(Supplied records)
○ ○ ○

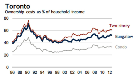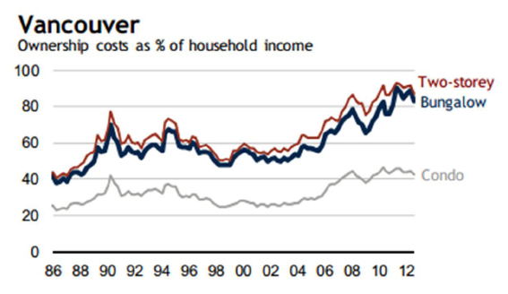 Compare this to a market like Vancouver where the percentage of average income it took to own a bungalow in the city reached 90%!
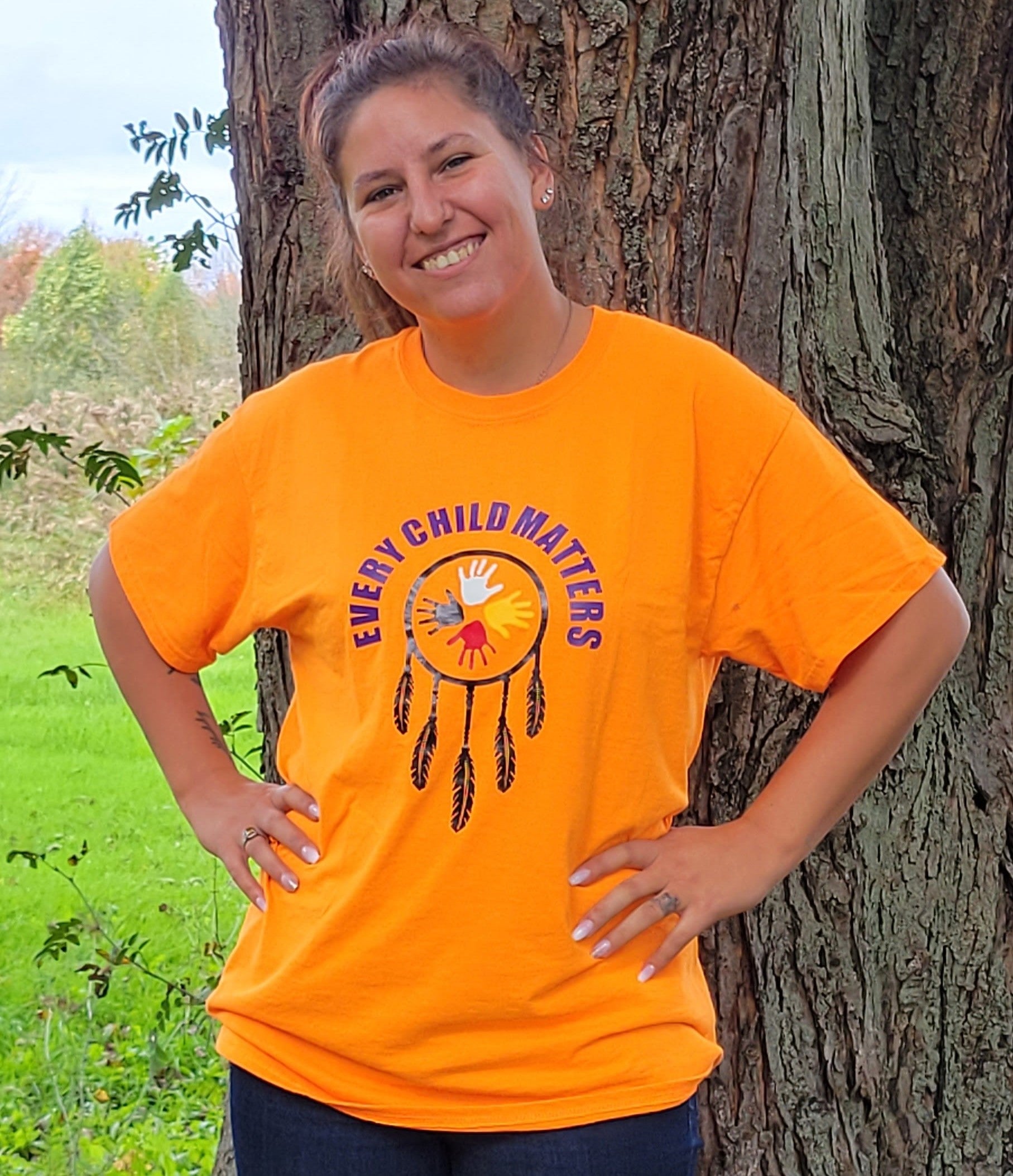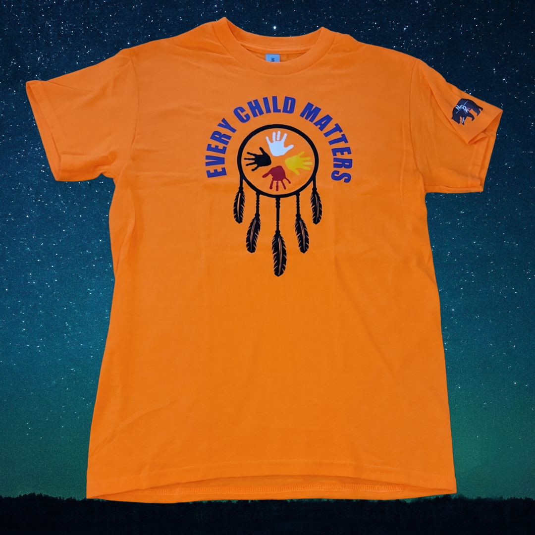 Choose your size and material to receive this Indigenous designed and made Dreamcatcher 'Every Child Matters' attire!
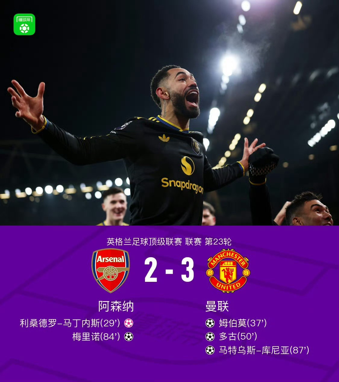 阿森纳2比3曼联曼联终结自2025年8月以来对阿森纳6场不胜的尴尬纪录,终结阿森纳主场对曼联联赛5连胜。 阿森纳遭遇本赛季主场首败,近121场正式比赛首次单场丢3球。天下武功,唯快不破。爽!从此走上专治各种不服的道路了呗?卡里克凭借这两场胜利可以转正了吧?还用找主教练吗?下赛季引进个好的后腰和中后卫,再来个马泰塔这种黑旋风,把齐尔克泽换掉。这不就妥妥开启复兴之路了吗?
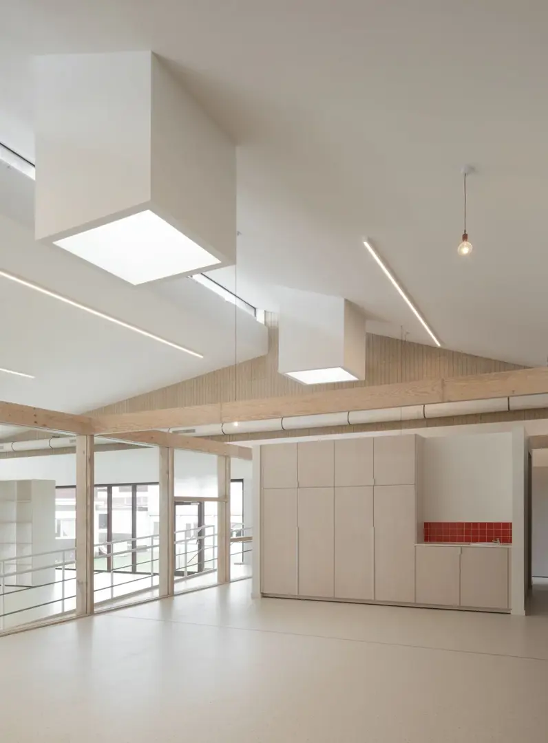 Een opvallende ingreep betreft de voormalige dagkapel. Door het dak te verwijderen en de buitenmuren te behouden, is een koer gecreëerd die dienstdoet als buitenspeelruimte en buffer naar de buurt. De aanwezige draagbalken bleven bewaard en zullen in de toekomst fungeren als ophangstructuur voor speelelementen zoals bijvoorbeeld schommels. De werkwijze, waarbij de bestaande vormentaal expressief wordt ingezet voor een nieuwe functie, biedt een methodiek voor de herbestemming van modernistisch erfgoed.
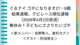 ゴチになります27今日の結果速報(2026年) ぐるナイ ゴチになります27・第7戦の結果速報、クビレース順位速報(2026年4月16日放送)ゲストは町田啓太で「春休み!子どもにささりたいゴチ」

○ ○ ○

(Action item)
Exercise for the records above: copy only the lines from the one with "Choose your size" to the one with "阿森纳2比3曼联曼联终结自2", both ends kept, and drop the pictures.

(Output of the task)
 Choose your size and material to receive this Indigenous designed and made Dreamcatcher 'Every Child Matters' attire!
 阿森纳2比3曼联曼联终结自2025年8月以来对阿森纳6场不胜的尴尬纪录,终结阿森纳主场对曼联联赛5连胜。 阿森纳遭遇本赛季主场首败,近121场正式比赛首次单场丢3球。天下武功,唯快不破。爽!从此走上专治各种不服的道路了呗?卡里克凭借这两场胜利可以转正了吧?还用找主教练吗?下赛季引进个好的后腰和中后卫,再来个马泰塔这种黑旋风,把齐尔克泽换掉。这不就妥妥开启复兴之路了吗?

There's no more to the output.